According to an article on Reuters, the recent recovery in the credit markets might be in trouble.  The Federal Reserve is getting some of the credit for the rebound by helping the credit markets recover.  One program that the Fed used to get credit flowing again is the Term Asset-Backed Securities Loan Facility, or TALF.  Now, many people are concerned as to whether or not the credit markets will be able to stand on their own at the end of December, because that is when the program is set to expire.

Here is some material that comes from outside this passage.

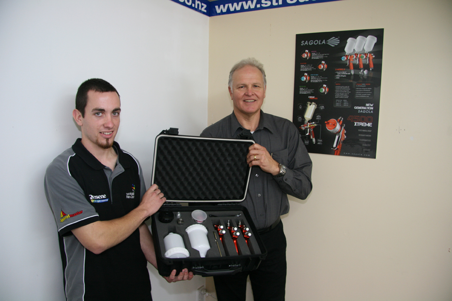 Joshua Fistonich, World Skills New Zealand winner, to use SAGOLA spray guns in World Skills International finals in Germany 2013 Joshua Fistonich is a young man that recently won the New Zealand World Skills in Automotive Refinishing and he will use SAGOLA sprayguns in the final in Leizpig (Germany) . After winning the regional competition in Auckland, the national competition, sponsored by Resene Automotive and Light Industrial, was held at CPIT Trades Innovation Institute. Their trainers Roger Hiini, from Resene Automotive and Light Industrial, and Jason Lynch, from SAGOLA’s New Zealand importer WA STROUD, are very proud of the job done by Joshua. He is now working in a panel beating shop in Orewa, Auckland, where he will go on training with SAGOLA equipment to do his best in World Skills International finals. First time Joshua tested SAGOLA 4500 Xtreme he said, “I used the LXT CLEAR cap and was blown away, the way it flows and sprays. It just works wonderful. I was walking round the shop with a huge smile on my face and everyone else was laughing”. World Skills International final will be held in Leipzig, Germany, in July 2013. We wish Joshua all the best for the finals! Good luck Josh! To find more information about World Skills, please log on to: http://www.worldskillsspain.es/

The current program is allowing the Fed to make loans available to investors for the purchase of asset backed securities, otherwise known as ABS.  Asset backed securities are usually made up of auto loans, student loans, and credit cards.  Lenders will package the loans that they have made and then they sell them off as securities in order to get the loans off their books.  This in turn allows the lenders to make more loans.  Almost all industries have companies that currently need loans to grow business, and some companies need loans to remain operational.  If those companies end up with no access to credit they will be forced to make some tough financial decisions.

The $49.7 billion in ABS issuance in the second quarter of 2009 is significantly more than the $13 billion in the first quarter.  This difference is mainly comprised of TALF sales.  Many experts agree that there just aren’t enough investors that want to buy ABS without TALF being around.  TALF offers the investors leverage that otherwise wouldn’t be there.

What this means to consumers and workers is that you need to either hope that credit will continue to flow once the program expires, or you need to hope that the program deadline gets pushed back.  More and more companies will have to file for Chapter 11 bankruptcy if their lines of credit get cut off, and some companies will be forced to have layoffs and benefit cuts.  With unemployment still on the rise, this wouldn’t be a good sign for a recovery.

You will have to wait and see what happens from here, but it is encouraging that the Fed recently extended several funding programs into 2010.  These programs, along with the TALF program, were put in place in 2009 to get credit rolling again.  If TALF’s deadline doesn’t get extended and the credit markets freeze up again, there could be more corporate bankruptcies on the way.